Here's another example. Consider vector<unsigned char> and val = 0x1234UL. For all i, v[i] == 0x1234UL is false (the usual arithmetic conversions widen unsigned char to unsigned long). #1 will report that none of the unsigned chars are equal to 0x1234UL. But #2 smashes unsigned long to unsigned char, which must compile (possibly emitting a warning), and then the unsigned chars will be compared to 0x34.
The STL isn't perfect, of course. As a slightly related example, std::multiplies<T> is deficient. It requires T to be specified up front (yet this is typically redundant, because the functor is being given to an algorithm that knows the types involved), and it has a homogeneous T op()(const T&, const T&). It would be better for the struct to be a non-template, with a templated op() (this may not have been possible in the 90s due to compiler limitations), with the signature C op()(A&&, B&&) where A&& and B&& are perfectly forwarded and C is determined through decltype. Doing this for all of the helper functors would be less verbose (no specifying T up front), potentially more efficient (no converting types before performing the operation - consider using plus on string and const char *), and more generic (now you can handle unit libraries where speed * time = distance).

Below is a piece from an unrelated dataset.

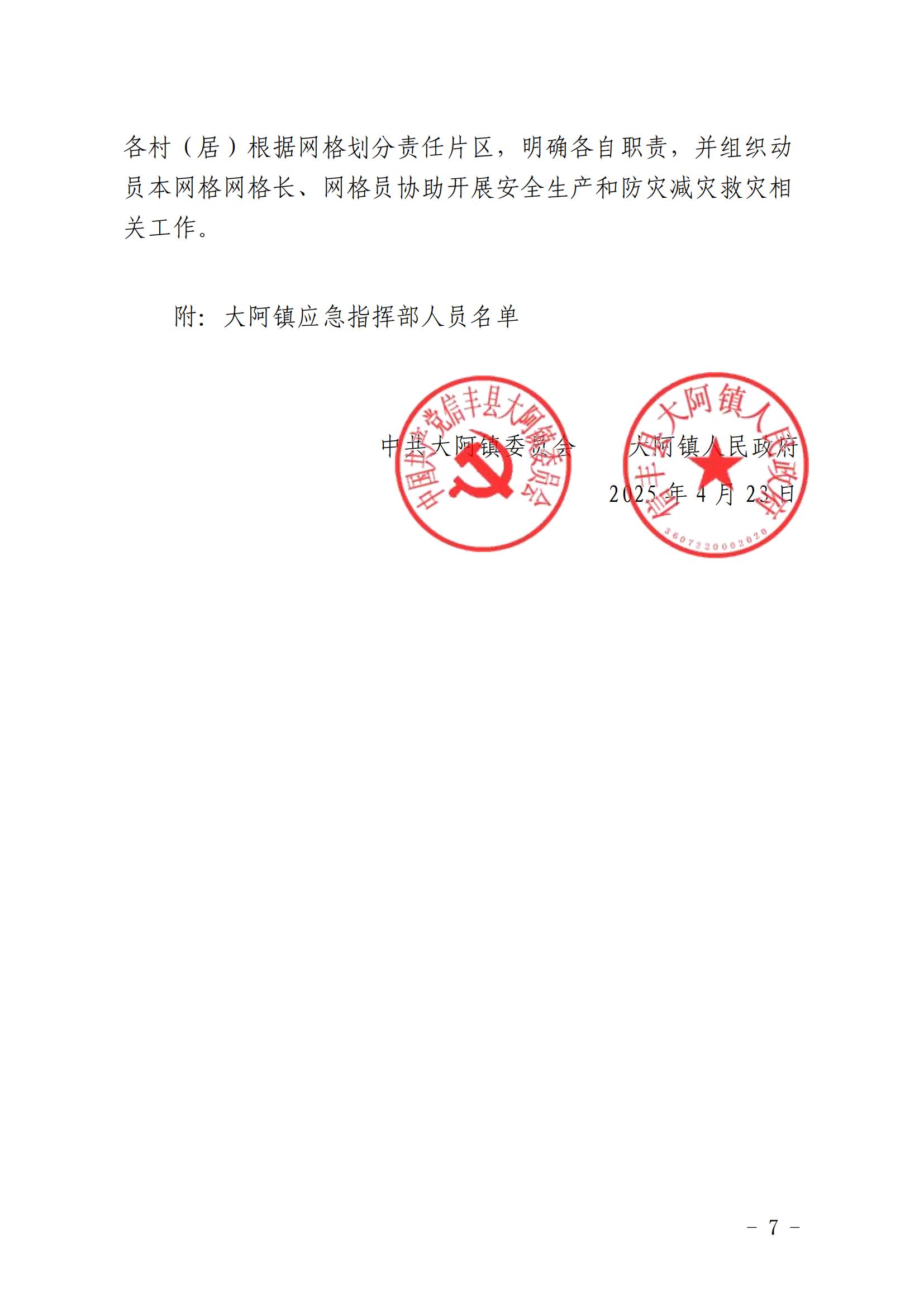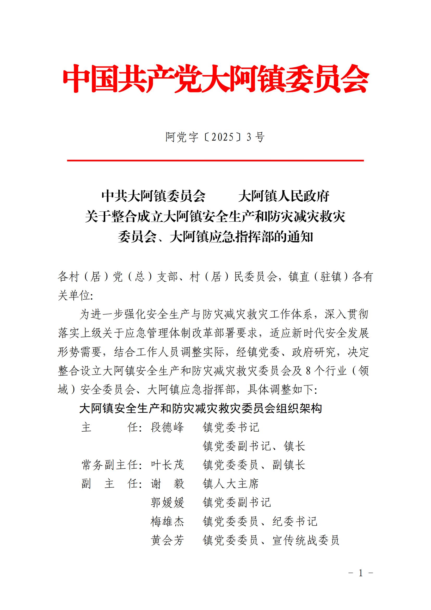阿党字〔2025〕3号关于整合成立大阿镇安全生产和防灾减灾救灾委员会、大阿镇应急指挥部的通知

> Heterogeneous comparisons are surprisingly popular, and the STL is
> moving to support them better. For example, std::lower_bound() didn't
> support them in C++03, and does in C++11.
> /me realizes he is responsible for this change
> But that's *totally* different.
> /me fumbles around for the explanation
> For the version that uses "<", it's an unintentional side-effect of
> making the specification uniform. The function signature already took
> an unconstrained object by reference, and my paper was not trying to
> change that. It just happened to make the /semantics/ of using a type
> different from the value type of the sequence meaningful in that case.

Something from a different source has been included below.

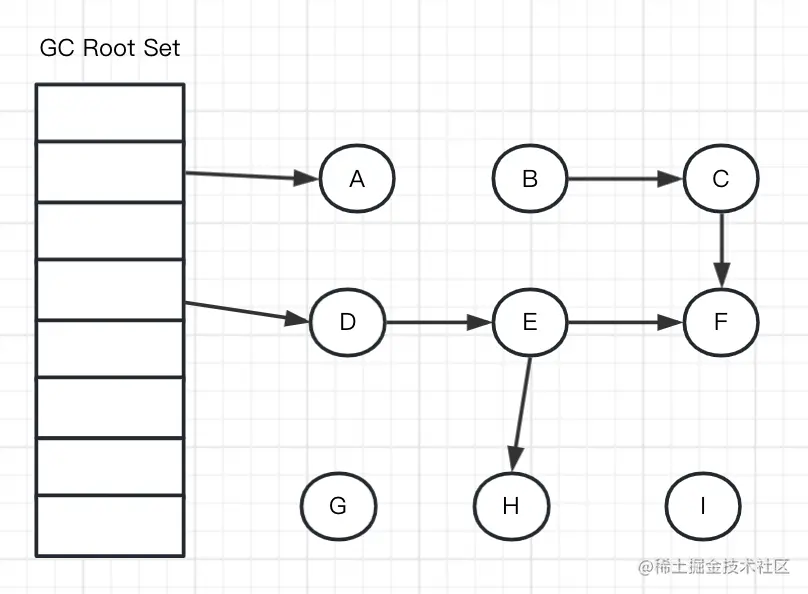 假设已经遍历到F(变为灰色了),此时应用执行了 objE.fieldF = null :

> It also make the specification *simpler* overall and easier to
Heh. The new specification is great (as a Standard Library maintainer, I *really* appreciate the clarity of thought in the C++11 wording). I'm just saying I think it's greater than you realize.
> The _purpose_ was to support heterogeneity for the version that uses a
> function. The description in terms of partitioning is a more principled
> and generic way to describe the actual requirements of the algorithm.
> There was never any intention to promote the use of heterogeneous "<",
> which again, doesn't make sense.
It does make sense. For example, consider string and const char * (and it's not like I prefer const char *, it's just extremely common and users use it all the time).
I could have a lexicographically sorted sequence of const char *. I have a std::string (say its contents are "meow") and I'd like to perform a lower_bound() with op<(). The sequence is partitioned with respect to e < string("meow"), so C++11 lower_bound() handles this just fine. (C++03 technically did not, and VC8/9 would complain in debug mode that the sequence was not sorted by op<(), which is why I've thought about lower_bound() a lot...)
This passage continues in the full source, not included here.